The published stratigraphic sections at Madjedbebe (102, ED Figs. 1, 2 and 8) are entirely consistent with disturbance from creep, termites, lateral eluviation and rain splash erosion. In loose sandy soils, such disturbance will lead to consolidation of the sand column and concentration of the stone artifacts. However, once former termite galleries become closed as a result of creep, there will be few visible traces of this type of disturbance after the lapse of even a few years. Even so, current termite activity is visible in the immediate vicinity of Madjedbebe and noted within the site.
SI.2.3 Artifacts
During the 2012 and 2015 seasons Madjedbebe was excavated to a maximum depth of 3.4 m without encountering bedrock (102). The lowest sands (Phase 1) are identified as sterile, with human occupation said to begin in Phase 2, defined both by a thick artifact layer and also using an age phase model for the OSL dates. The latter provided a depth zone 215-260 mm below surface at the front of the site and 190-230 mm nearer the shelter wall*. Phase 2 is dated between the modelled mean start and end ages of 65.0 ± (3.7, 5.7) and 52.7 ± (2.4, 4.3) ka. While this possible range is large, the authors argue for “around 65 ka” or “conservatively 59.3 ka” for human arrival; 65 ka has been taken up as the promoted age within and beyond the scientific community (e.g. 122-124).

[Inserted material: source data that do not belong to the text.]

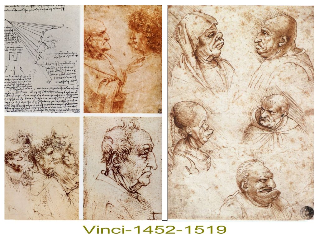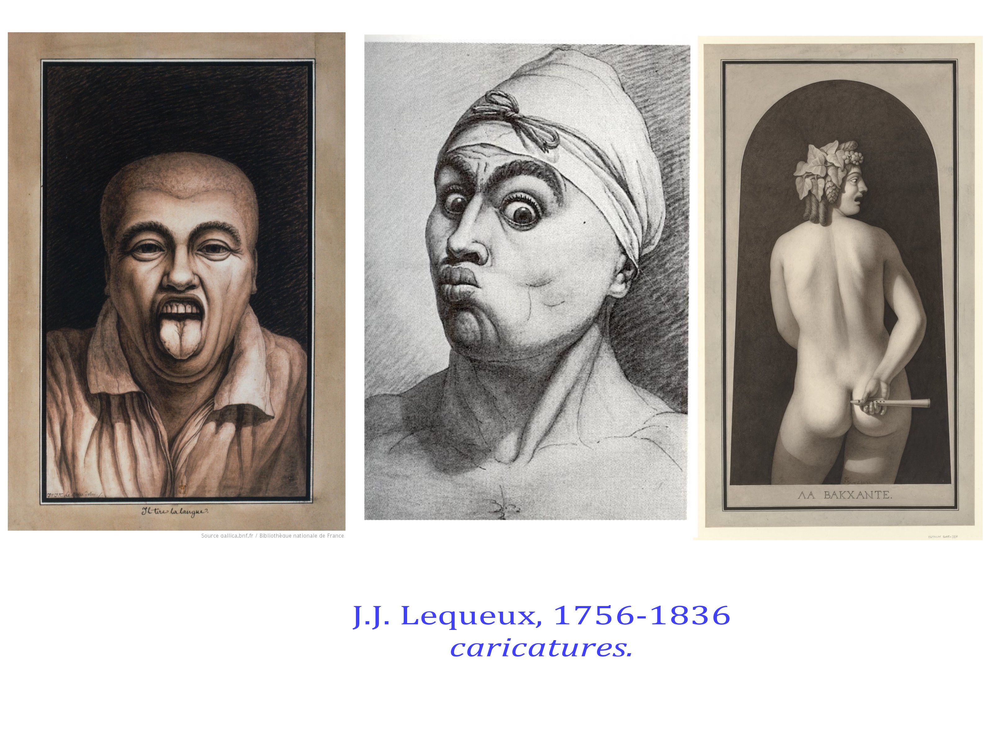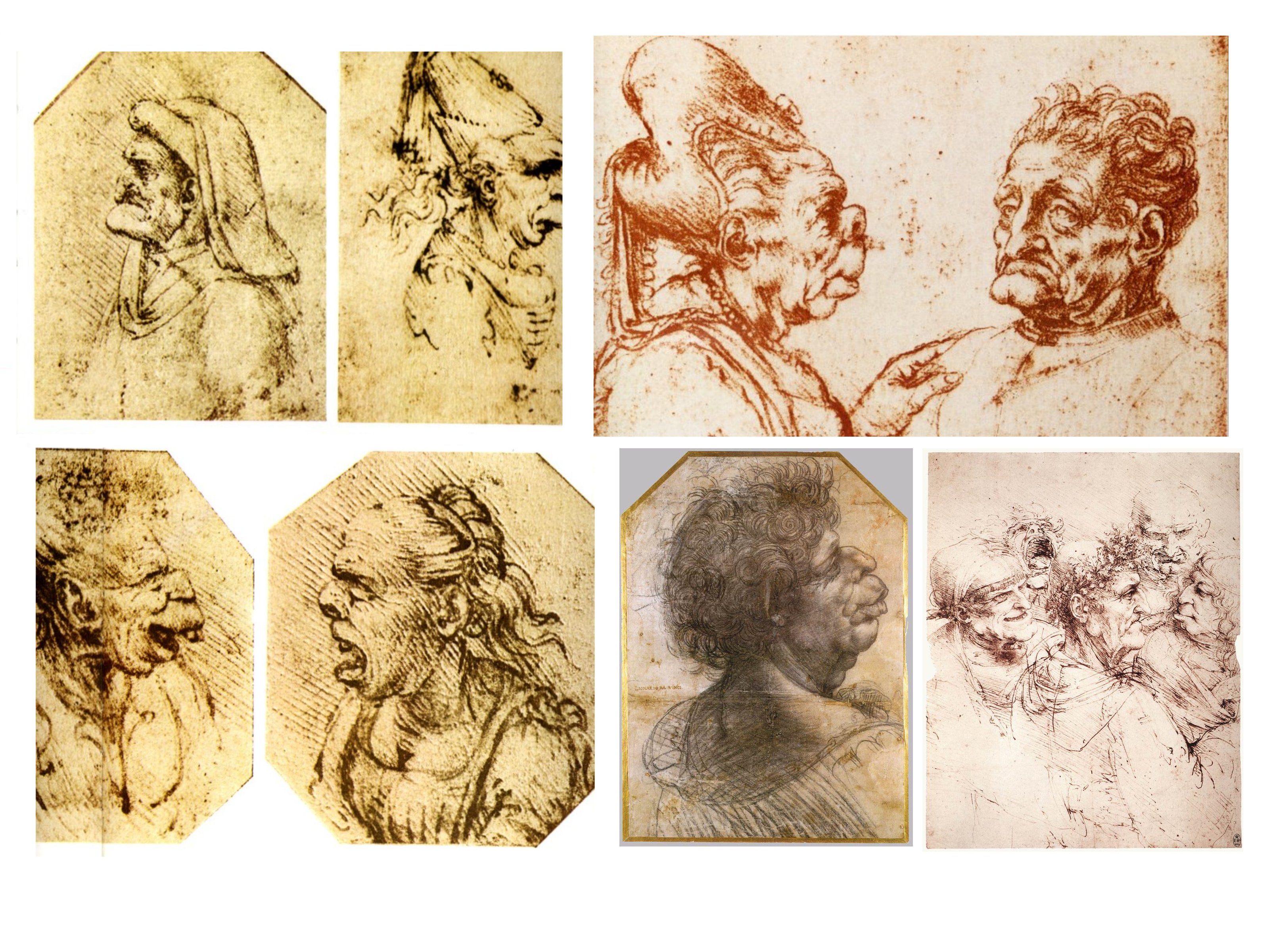Les grotesques et les caricatures, sont souvent le fruit d’explorations des limites de l’humanité, de ses excès, de sa proximité avec l’animalité, de ses frontières physiques et mentales (vieillesse, folie).
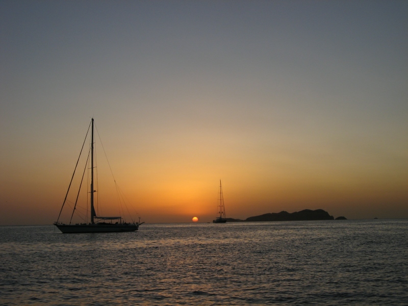 Abhängig davon, welche Wind- und Wellenrichtung vorhergesagt werden und ob wir wieder einkaufen müssen, wechseln wir zwischen einigen Buchten in der Gegend um San Antonio hin und her. Erkunden die Umgebung, fahren mit dem Dinghi in Höhlen, Schwimmen, Schnorcheln, fotografieren ein paar Fische unter Wasser und genießen den täglichen Sonnenuntergang.
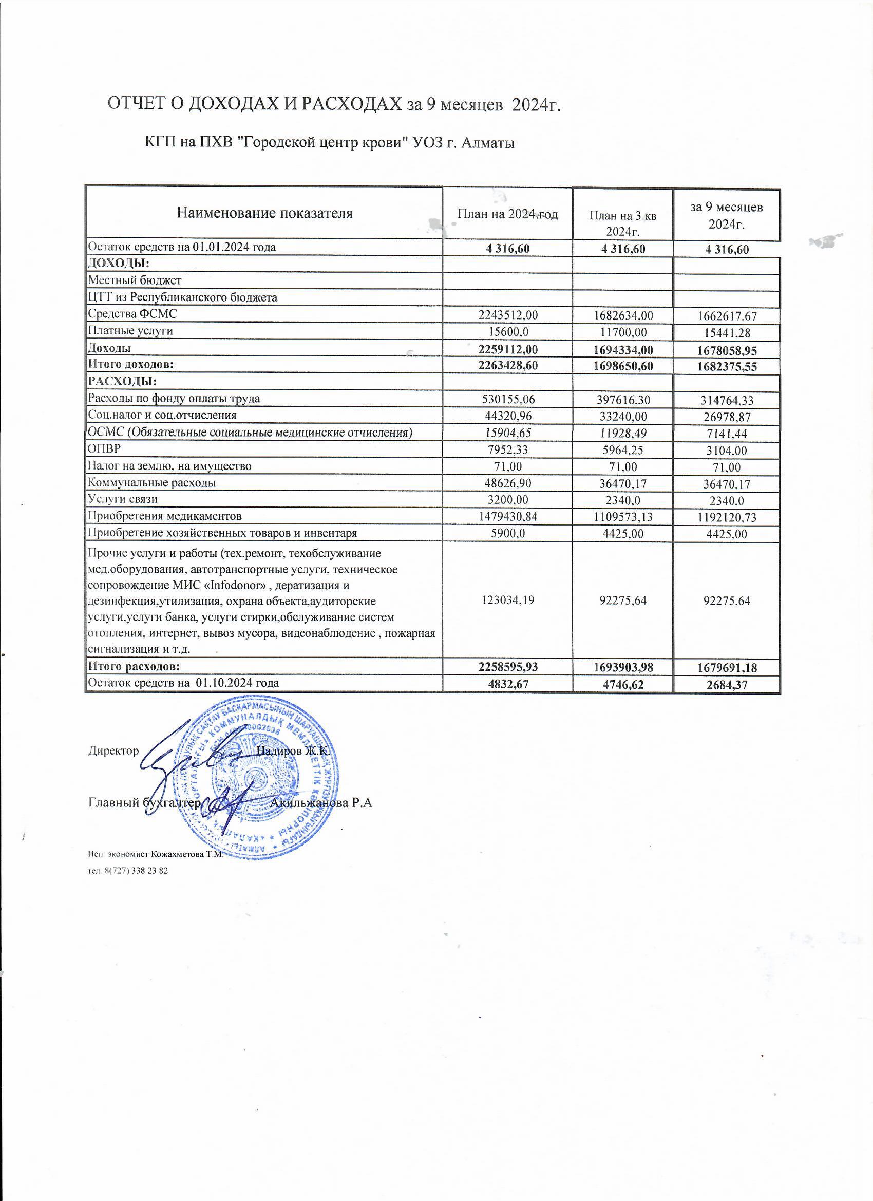 3. Отчет о доходах и расходах за 9 месяцев 2024г скачать
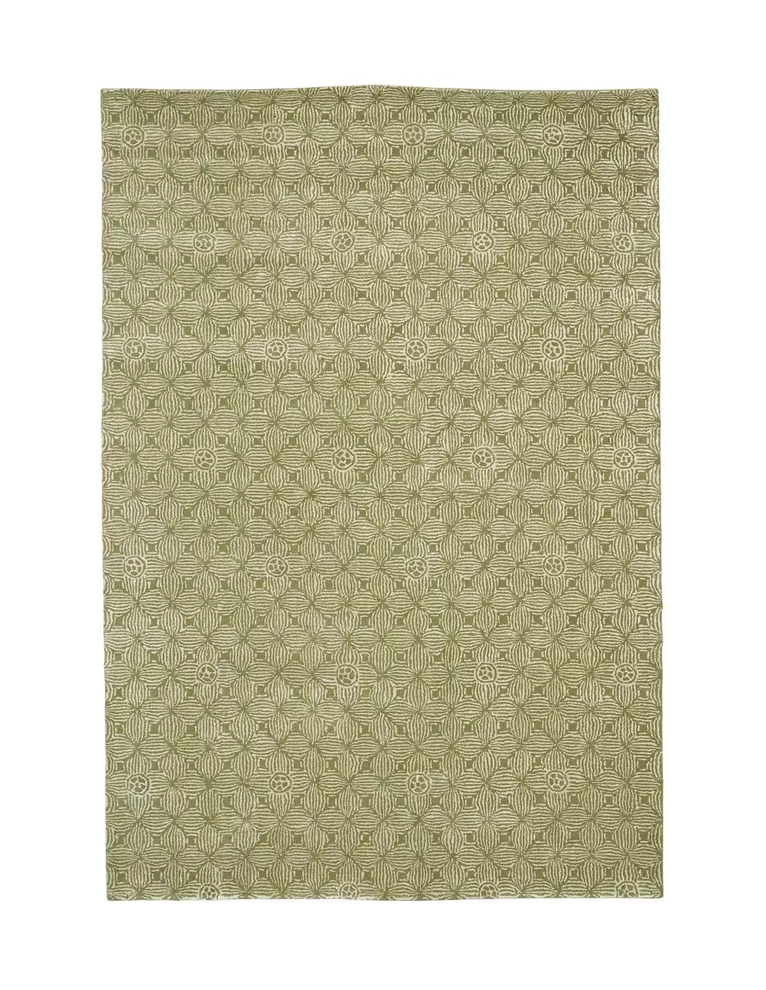 Au-delà de cette structure géométrique épurée, ce tapis s’anime grâce à un jeu subtil de lignes et de touches florales qui viennent étoffer le dessin. Cet équilibre entre lignes pures et éléments végétaux confère à ce tapis une dimension à la fois moderne et rassurante.
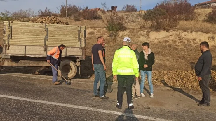 Şeker Fabrikası'nda hasadını yaptıkları pancarları fabrikaya teslim etmek için oluşan uzun kuyrukta, sıraya girmek isteyen pancar yüklü traktör, rampada kalması sonucu devrildi.

As far as can be determined from the published data, the two measures used for the beginning of human occupation, the age-phase zone and the lowest thick artifact unit, are not the same thing. Indeed, the latter appears on available evidence to be contained within the former (Fig. S3). While we recognize that conflating three-dimensional data on two-dimensional diagrams can lead to ambiguities, currently the available data impede any clear understanding of site formation processes.
Beyond this, five other aspects of artifact distribution in the site promote concern.
*Information supplied by Clarkson et al., contained in email, H.Gee to A. Cooper, March 10, 2018.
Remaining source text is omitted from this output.